De acuerdo con estas estimaciones, en las cuatro próximas décadas, la TGF disminuiría de 2,25 años en el quinquenio 2005-10 a 1,85 en el quinquenio 2045-50 (CEPAL, 2008). Cabe señalar que en versiones previas la asíntota elegida era una TGF de 2,1 igual al nivel de reemplazo. Por su parte, NU (2013) tiende a adoptar los mismos parámetros experimentados en países europeos con una caída mayor y una posterior recuperación, combinando dos curvas logísticas y dos límites asintóticos (de 1,85 para 2050 y de 2,1 para el más largo plazo), lo que genera algunos cruces inesperados.



Gráfico 8. Tasa Global de Fecundidad (hijos por mujer)

Países selectos de América Latina. Años 1950-2100

Fuente: Naciones Unidas (2013).

A los fines de la proyección utilizada en este documento (extendida hasta 2100) se siguen criterios similares a los citados aunque priorizando un descenso más gradual y continuo. En consecuencia, para proyectar la TGF, se adopta un valor de 2,0 como único límite inferior asintótico.

Gráfico 9. Tasa Global de Fecundidad, Argentina. Años 1950-2100

Fuente: Elaboración propia y Naciones Unidas (2013).



Evolución histórica y tendencias de la migración internacional8

Si bien la migración internacional es un factor de suma relevancia para muchos países, en el caso argentino esta variable desempeñó un rol fundamental a fines del siglo XIX y primera mitad del XX, pero su impacto demográfico ha sido prácticamente nulo desde entonces.

Como se ilustra en el Gráfico 10, el crecimiento de la población total de Argentina experimentó subas y descensos muy pronunciados, principalmente dentro de las tres primeras décadas del siglo pasado, como consecuencia de las grandes olas inmigratorias recibidas. A partir de 1930, la inmigración disminuye notablemente, con lo cual descienden la tasa de crecimiento de la población y la diferencia entre crecimiento total y vegetativo.9

Pasada la inmigración europea de la segunda posguerra, la migración neta tiende a disminuir y hacia final del siglo prácticamente hacerse nula, debido a que la menor tasa de inmigración externa, principalmente originada en países vecinos, se fue compensando con la creciente emigración de argentinos.



Gráfico 10. Crecimiento total, migratorio y vegetativo, por quinquenio

Argentina, 1870-2010

Fuente: elaboración propia en base a Lattes (1975) y Naciones Unidas (2013).

A partir de finales de la década de 1960 comienzan a delinearse dos fenómenos novedosos: el cambio en la composición de la migración externa (que pasa a ser casi exclusivamente de países limítrofes) y la emigración de argentinos (que se dirigen sobre todo a Estados Unidos y, con la crisis de inicios del Siglo XXI, a Europa, en particular a España).
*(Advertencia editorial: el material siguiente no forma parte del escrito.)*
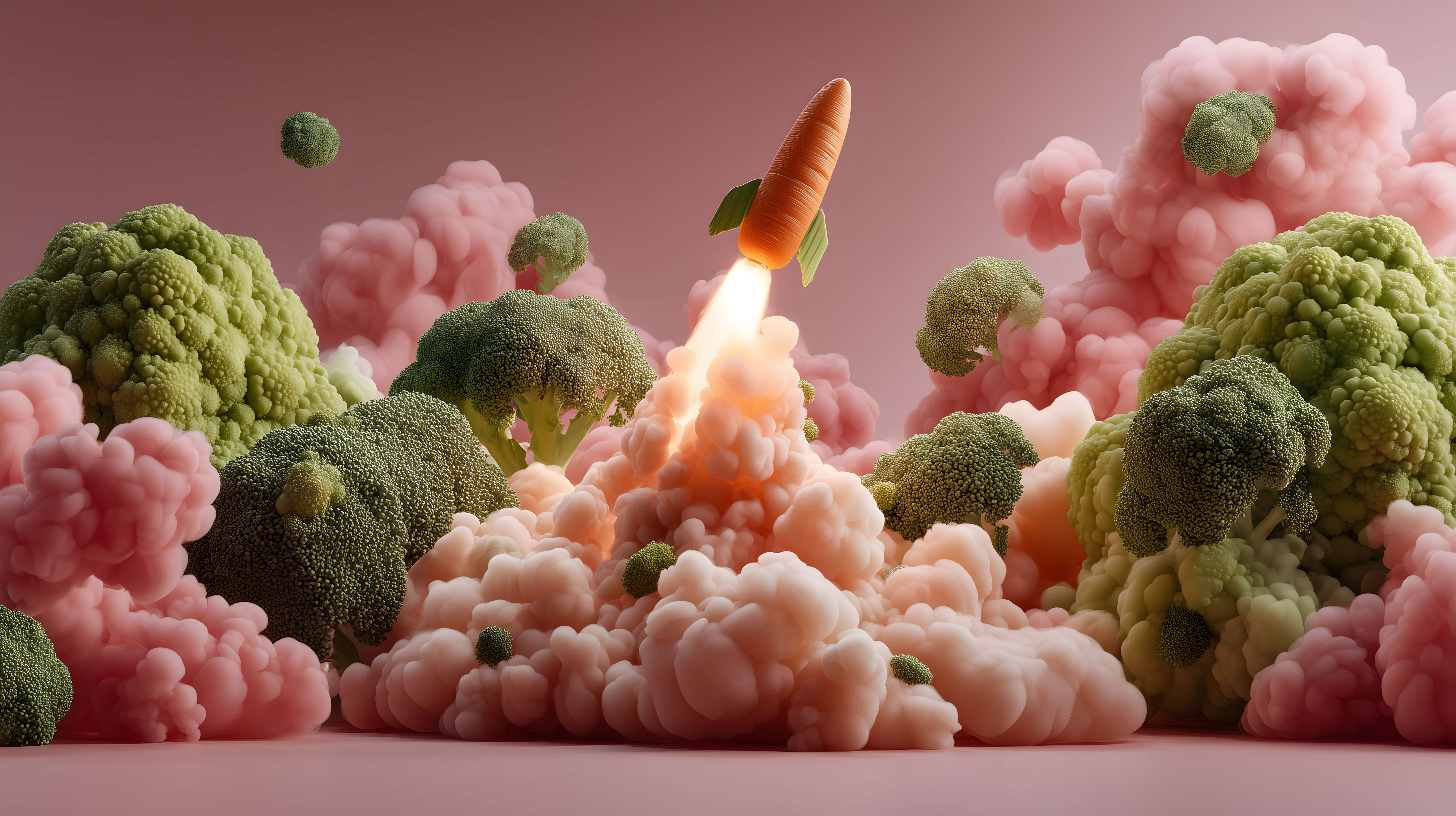 Das farbenfrohe digitale Foto zeigt eine fantasievolle Szene, in der eine Karotten-Rakete zwischen Brokkoli-Bergen und rosa Rauchschwaden startet. Die Komposition ist surreal und verspielt, mit detaillierten, hochaufgelösten Oberflächen der Gemüsestücke, die eine lebendige und realistische Ästhetik verleihen. Dieses kreative und einzigartige Stockfoto eignet sich hervorragend für den Einsatz in Blogbeiträgen, Newsletter-Designs, Social-Media-Kampagnen oder Werbematerialien, die ein fantasievolles und natürliches Motiv suchen. Es ist unter einer Creative-Commons-Lizenz kostenfrei für kommerzielle und private Zwecke verfügbar.

De este modo, Argentina, se va conformando como el corazón de un subsistema regional de migración en el Cono Sur y se constituye en un país que expulsa población. Esta doble condición constituye un aspecto peculiar de una sociedad que todavía se percibe a sí misma como fruto de la inmigración europea. Los movimientos de población originaria de los países vecinos tienen una larga tradición histórica: desde muchos años atrás, estos se producen en los espacios transfronterizos integrados. Pero luego, y especialmente a partir de la década de 1960, los flujos migratorios limítrofes se dirigen cada vez más hacia el Área Metropolitana de Buenos Aires, que es actualmente el principal lugar de destino y que se constituye en el centro del subsistema migratorio del Cono Sur de América Latina.

Tras la etapa de inmigración masiva, los flujos inmigratorios fueron más modestos y provenientes fundamentalmente de países vecinos10. Actualmente, con el mayor stock de inmigrantes de la región, Argentina continúa siendo el epicentro de la migración en Sudamérica. Los cambios en los orígenes de los inmigrantes y en las dinámicas migratorias han tenido un impacto en los perfiles de los extranjeros que residen en el país.

Como producto del envejecimiento y de la mortalidad de las antiguas cohortes inmigratorias transatlánticas, el stock total de extranjeros fue disminuyendo a lo largo de las últimas décadas (de 29,9% en 1914 a 4,2% en 2001, con una leve recuperación en 2010 alcanzando 4,5%)11.


Gráfico 11. Participación de los extranjeros en la población total.

Argentina, 1869-2010


Fuente: Elaboración propia a partir de INDEC (2013).

Contrariamente, y como efecto del incremento y de la entrada continua de inmigrantes de países vecinos, su stock ha crecido, pasando de 0,8 millones en 1980 a 1 millón en 2001 y a 1,8 millones en 2010, con un cambio significativo en el origen de los flujos. Factores económicos y sociales en los países de origen, así como cambios en la atracción ejercida por Argentina, modificaron tanto la propensión emigratoria de ciudadanos sudamericanos como el destino preferido a donde se dirigieron. Así, por ejemplo, los chilenos disminuyeron su propensión a emigrar, probablemente como producto del mejoramiento de las condiciones sociales y económicas de su país: el stock de inmigrantes chilenos en Argentina aumentó muy levemente entre 1980 y 1991, pero luego disminuyó en forma significativa una década más tarde12. Otro caso singular es el de los ciudadanos uruguayos, quienes, si bien continuaron emigrando de su país, ya no lo hicieron en la misma magnitud hacia Argentina, sino que se dirigieron preferentemente hacia países desarrollados, como Estados Unidos y España (Pellegrino y Vigorito, 2005; Cabella y Pellegrino, 2005).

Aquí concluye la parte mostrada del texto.